As financial conditions improve, which seems to be the trajectory, it's a legitimate point to consider what you want to do in terms of your purchase programs, Dudley told CNBC in an interview broadcast on Monday.
My own personal view is I think it's a little premature to be so confident that you want to pull all these things back right now because the economy still isn't growing very fast and we do have a very high unemployment rate.
Dudley's comments show a divergence of views on the Fed's interest-rate setting Federal Open Market Committee. Richmond Fed President Jeffrey Lacker said last week the Fed should consider foregoing the full extent of its long-term securities-buying pledge, which includes the plan to purchase $1.45 trillion of mortgage agency debt by the end of the year.
The Fed cut rates to zero in December and has pumped hundreds of billions into the financial system to fight the worst recession in 70 years. With signs of recovery in housing and manufacturing, the Fed has said the downturn appears to be leveling out. However, it also said any recovery is likely to be sluggish with unemployment, which was at 9.4 percent in July, painfully high for a while.
Dudley said in the interview that he is confident the central bank can withdraw its massive economic stimulus measures without allowing dangerous inflation to take hold.
I'm completely committed to taking away the punch bowl at the right time, he said. I have no desire whatsoever to see inflation get out of control.
The New York Fed head, who formerly ran the central bank's trading operation that buys and sells Treasury securities to meet the Fed's target interest rates, said the Fed has a range of options to prevent inflation even with the massive amount of money it has put into the financial system.
We have tools to manage our balance sheet so that we're not going to have an inflation outcome, bad inflation outcome, Dudley said.

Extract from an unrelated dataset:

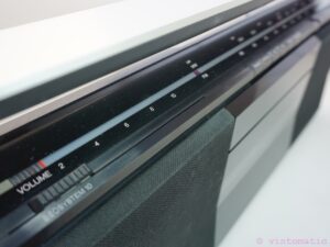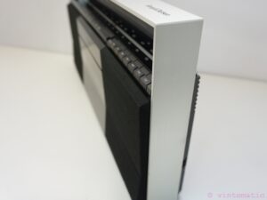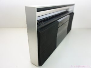 Beautiful Beosystem 10 – Radio Cassette Recorder from B&O with a nice mid-’80s design. This vintage B&O Portable “Boombox” was designed by David Lewis under type number 1521. The Beosystem 10 was the last portable Radio – Cassette Recorder from Bang & Olufsen. The radio is in very good working and great cosmetic condition, a very nice addition to your vintage home decoration or Hi-fi collection. Only one minor thing, when ejecting the cassette, the door get’s stuck to the panel door below it. Suggestion is to open the panel door first before ejecting the cassette. Minor detail, especially when you hear it play!

The Fed's next policy-setting meeting is September 22-23. It has pledged to keep interest rates exceptionally low for an extended period to bolster the economy, but has already begun to taken some small steps toward exiting its aggressive stimulus measures.
The Fed said earlier this month it would end its program of buying $300 billion of longer-term Treasury securities by the end of October. It also said it would shrink the size of short-term cash auctions in September.
At the same time, sensitive to pockets of economic weakness, the Fed moved to boost credit to the ailing market for commercial real estate by extend an emergency lending program to mid-2010.